Smoking among Aboriginal people is extremely widespread (50 v. 17% of the general population). Aboriginal Health Workers (AHW) are at the vanguard of tackling this problem but many themselves smoke and little is known of their knowledge, attitudes and practices regarding smoking cessation. Structured telephone interviews were conducted with 36 AHW, including 31% current smokers, 31% ex-smokers and 38% non-smokers, to assess their current smoking cessation practices and knowledge of health risks, nicotine dependence, cessation strategies and pharmacotherapies. AHW considered diabetes, alcohol use and heart disease more problematic than smoking among Aboriginal people.
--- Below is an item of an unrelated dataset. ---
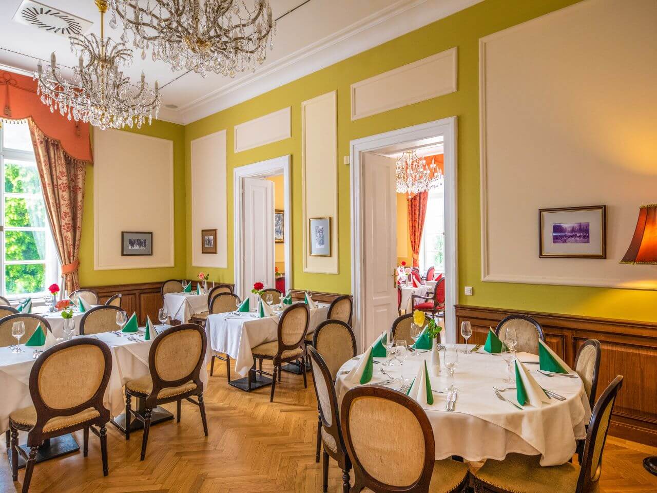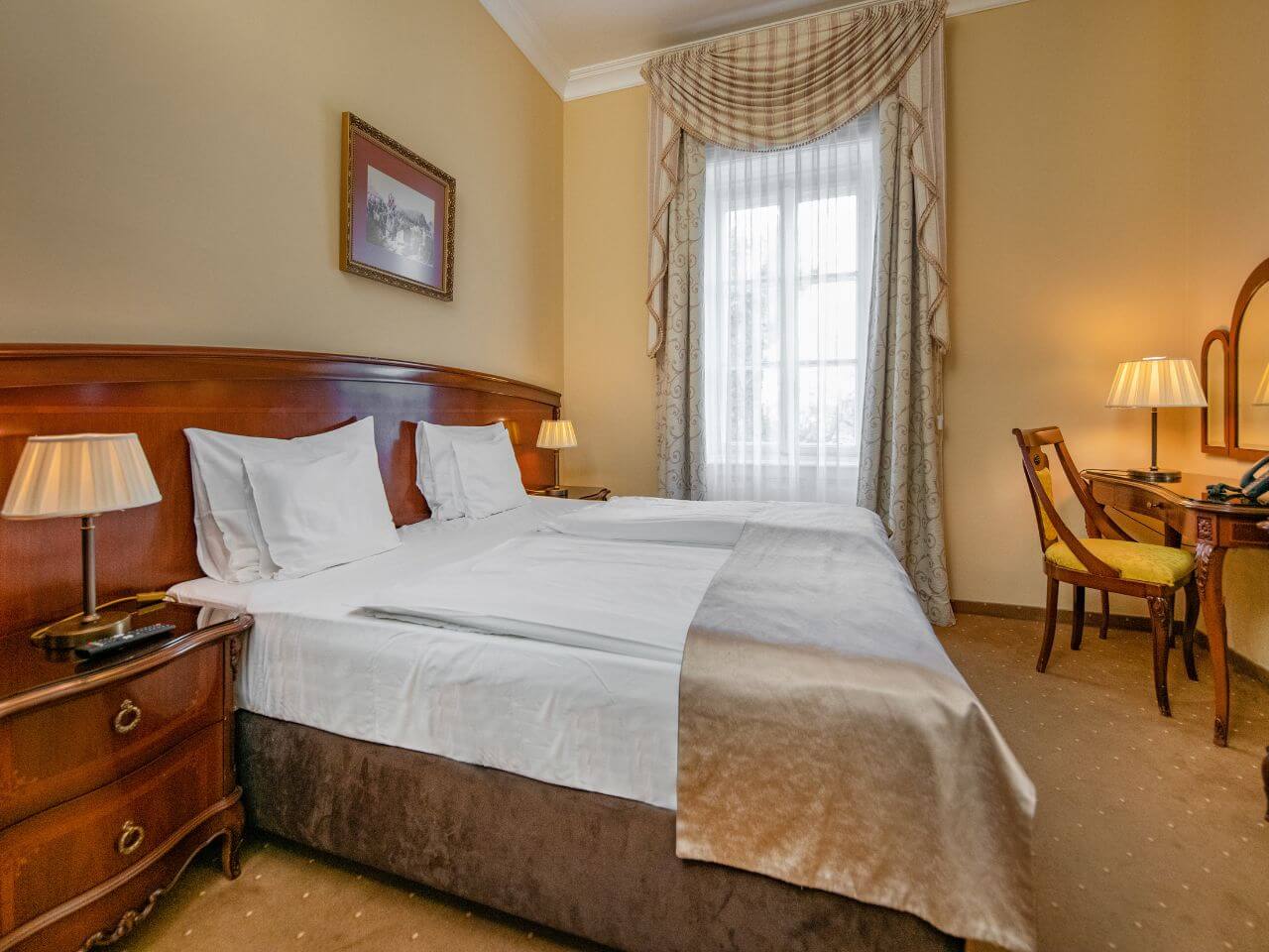 A Kastély 45 db patinás kétágyas szobával rendelkezik 3 szinten, 4 féle szobakategóriában. A többi 35 db exkluzív kétágyas szoba, egy különálló épületben az Udvarházban található további 4 szinten. A szobák elegáns olasz bútorai, a nemes anyagú függönyök a közvetlen szobai szaunázási lehetőség luxusélményt biztosítanak.

Fear of appearing hypocritical stopped many who smoke from discussing smoking cessation with clients but also stopped some non-smoking AHW whose colleagues or family smoked. Cultural concerns about telling others ‘what to do’ was also a major impediment. Knowledge of the health effects of smoking was good, but knowledge of appropriate advice around cessation pharmacotherapies was suboptimal. AHW trained in smoking cessation were more knowledgeable and active in smoking cessation, but most AHW had received no training, despite being keen to do so. Specific smoking cessation training is sought and appears needed by AHW, particularly in the areas of brief interventions, motivational interviewing, dependence assessment and pharmacotherapies.